--- Records ---
################

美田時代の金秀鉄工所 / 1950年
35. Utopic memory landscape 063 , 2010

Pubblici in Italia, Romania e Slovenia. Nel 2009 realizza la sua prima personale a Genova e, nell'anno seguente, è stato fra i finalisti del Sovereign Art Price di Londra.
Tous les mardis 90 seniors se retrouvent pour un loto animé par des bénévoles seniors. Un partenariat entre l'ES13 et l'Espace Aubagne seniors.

################

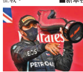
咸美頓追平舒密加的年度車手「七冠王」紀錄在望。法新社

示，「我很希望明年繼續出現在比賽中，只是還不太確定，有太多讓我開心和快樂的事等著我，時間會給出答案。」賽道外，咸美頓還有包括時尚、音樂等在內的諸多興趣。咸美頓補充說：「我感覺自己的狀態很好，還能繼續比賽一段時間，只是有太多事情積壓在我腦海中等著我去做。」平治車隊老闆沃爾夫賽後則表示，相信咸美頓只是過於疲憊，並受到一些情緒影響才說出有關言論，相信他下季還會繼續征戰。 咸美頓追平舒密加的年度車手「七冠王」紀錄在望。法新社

################

From the records above, extract exactly and only the lines that begin at the line with "美田時代の金秀鉄工所 / 1950年" and stop after the line with "Tous les mardis".

--- Answer ---
美田時代の金秀鉄工所 / 1950年
35. Utopic memory landscape 063 , 2010

Pubblici in Italia, Romania e Slovenia. Nel 2009 realizza la sua prima personale a Genova e, nell'anno seguente, è stato fra i finalisti del Sovereign Art Price di Londra.
Tous les mardis 90 seniors se retrouvent pour un loto animé par des bénévoles seniors. Un partenariat entre l'ES13 et l'Espace Aubagne seniors.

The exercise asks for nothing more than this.